A great many funny things happen on the way to the track, among them memories of a time in Florence when the touchstones of art seemed as close as the walls. The magic returns in unlikely spots--when, for example, horses "recede into space like the figures reflected in the background bulbs and mirrors of Flemish paintings," or the moralistic voice of Savonarola echoes between sessions at the $2 window. Barich reports that during his six-week betting binge he never lost more than $128--or made more than $192. In fact, he gained far more. He wrote an enchanted book and found a soul-sustaining insight: "What was any renaissance but a sudden bias in favor of hope?" Readers can only be biased in favor of more from this gifted centaur.

SOLO

by Jack Higgins

Stein & Day; 249 pages; $11.95

Jack Higgins (The Eagle Has Landed) is a pseudonym of Harry Patterson (The Valhalla Exchange). Both names have become synonyms for popular thrillers, and Solo will not do the Higgins/Patterson reputation any harm. The trouble this time starts with a handsome Greek named John Mikali, who is not only a veteran of the French Foreign Legion but a world-famous pianist as well. Grieving over the death of his grandfather at the hands of the Greek junta, Mikali efficiently assassinates the colonel responsible and discovers that he has a genuine aptitude for this kind of work. He also has a terrific cover; very few classical musicians are international hit men on the side.

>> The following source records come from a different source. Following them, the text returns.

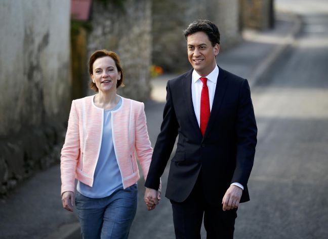 Σχεδόν 200 χλμ. βορειότερα, ο Εργατικός αντίπαλός του Έντ Μίλιμπαντ φόρεσε την πιο ωραία κόκκινη γραβάτα του για να ψηφίσει στην περιφέρειά του στο Ντονκάστερ, συνοδευόμενος από τη σύζυγό του Τζάστιν.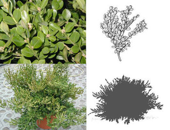 Wuchs: höher als breit wachsend, breitbuschig bis überhängend, teilweise sparrig, lockerer Pflanzenaufbau, lange Internodien, ältere Triebe teilweise verkahlt, sehr schwacher Neutrieb im Spätsommer, Höhe 58 (- 87) cm, Breite 89 (- 119) cm Blatt: hellgrün, breitelliptisch, flach, leicht gebogen, schwach glänzend, mittelgroß, Länge 17 mm, Breite 13 mm Blüte: stark bis sehr stark blühend Schnitteignung: kräftiger Korrekturschnitt fördert Verzweigung und Pflanzenaufbau, bedingt für flache, lockere Formen gut geeignet, Schnitt verhindert Triebverkahlungen Gesamteindruck: aufgrund der Wuchsform noch als gute Sorte einzustufen, jedoch helle Blattfarbe, ansprechend als Solitärpflanze wegen des breiten, teils überhängenden Wuchses, Formierung erfordert häufiges Schneiden |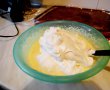 Crema: Incepem sa pregatim crema cand blaturile si siropul sunt reci, pentru ca trebuie sa ne miscam repede sa o asamblam. Punem la hidratat foile de gelatina in apa rece. Prregatim si frisca, eu am folosit smantana dulce pentru frisca 300 g si 200 ml frisca lichida Creme Patiserie Separat amestecam galbenusurile cu zaharul si laptele si asezam pe baie de abur, amestecam continuu pana se topeste zaharul si isi mareste volumul. Tragem de pe foc , stoarcem foile de gelatina si le punem peste galbenusuri, amestecam bine sa se incorporeze gelatina, lasam cca 4-5 min sa se tempereza galbenusurile, apoi le amestecam cu mascarponele si frisca.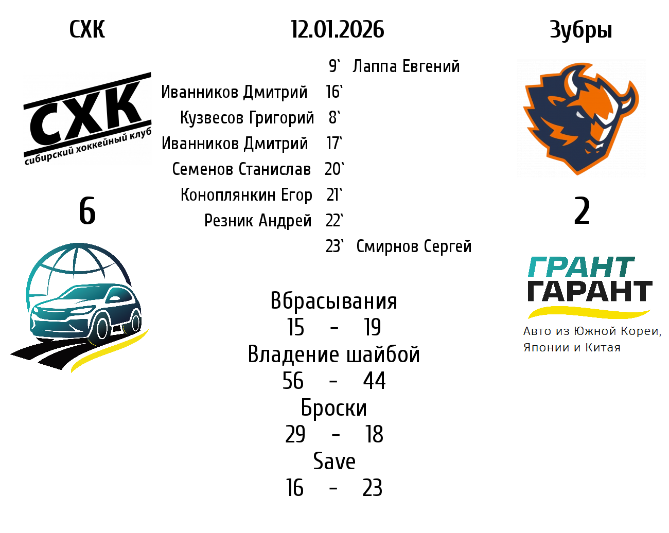 Красноярская федерация хоккея | Зубры | СХК | 2 : 6 | Скачать отчетИзображение |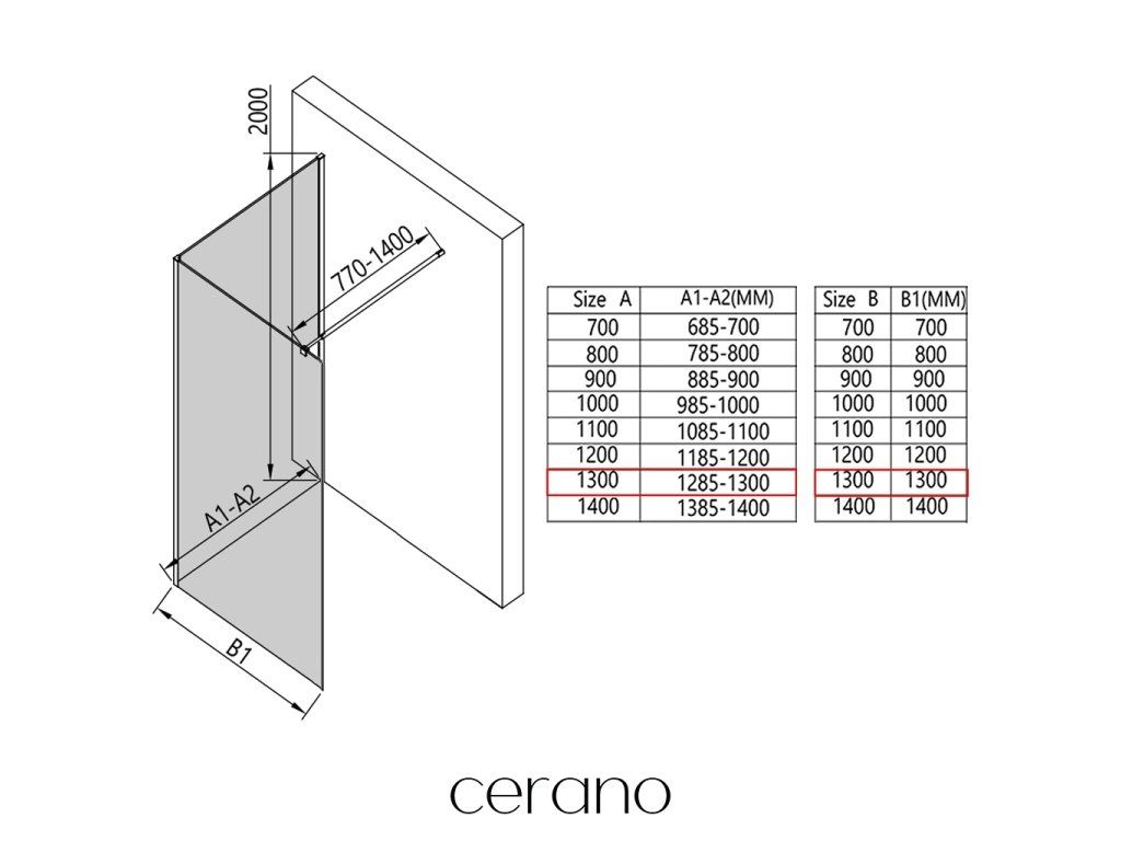 V rámci této série nabízíme širokou škálu rozměrů, abychom uspokojili různé potřeby našich zákazníků. Všechny sprchové kouty, dveře a zástěny značky Cerano jsou plně kompatibilní se sprchovými vaničkami Cerano ve stejných rozměrech, což zajišťuje bezproblémovou instalaci a dokonalé sladění. Sprchový kout lze navíc instalovat flexibilně – buď na odpovídající sprchovou vaničku, nebo přímo na podlahu podle vašich preferencí a možností koupelny.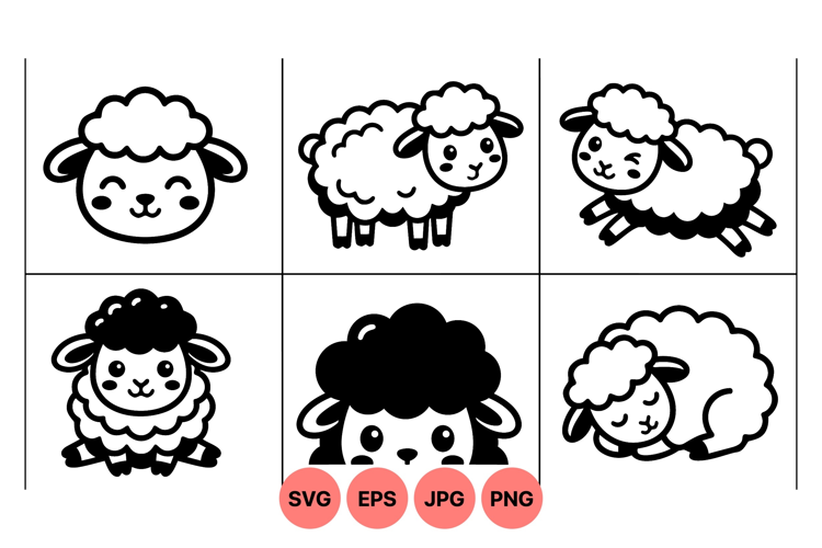 A charming of six black and white sheep illustrations showcasing different playful expressions and poses suitable for children or farm themed design in vector style.

Once he establishes this premise, Higgins keeps things moving. Of course, Mikali will run afoul of the one man capable of discovering his double life. Of course, these adversaries will stage their final showdown on the occasion of Mikali's greatest triumph, a concert in London's Albert Hall. The plot, as formally predictable as a minuet, diverts without disturbing. Higgins' prose is simple to the point of sketchiness. Sentences lack verbs--a lot of sentences. Cliches nudge the brain along well-worn paths: "That sixth sense that had kept him alive for so long now, scenting danger like some jungle animal. . ." Yet if it is impossible to believe any of this, it is hard not to enjoy it. And reading Solo is less strenuous than watching seagulls. A lot of seagulls.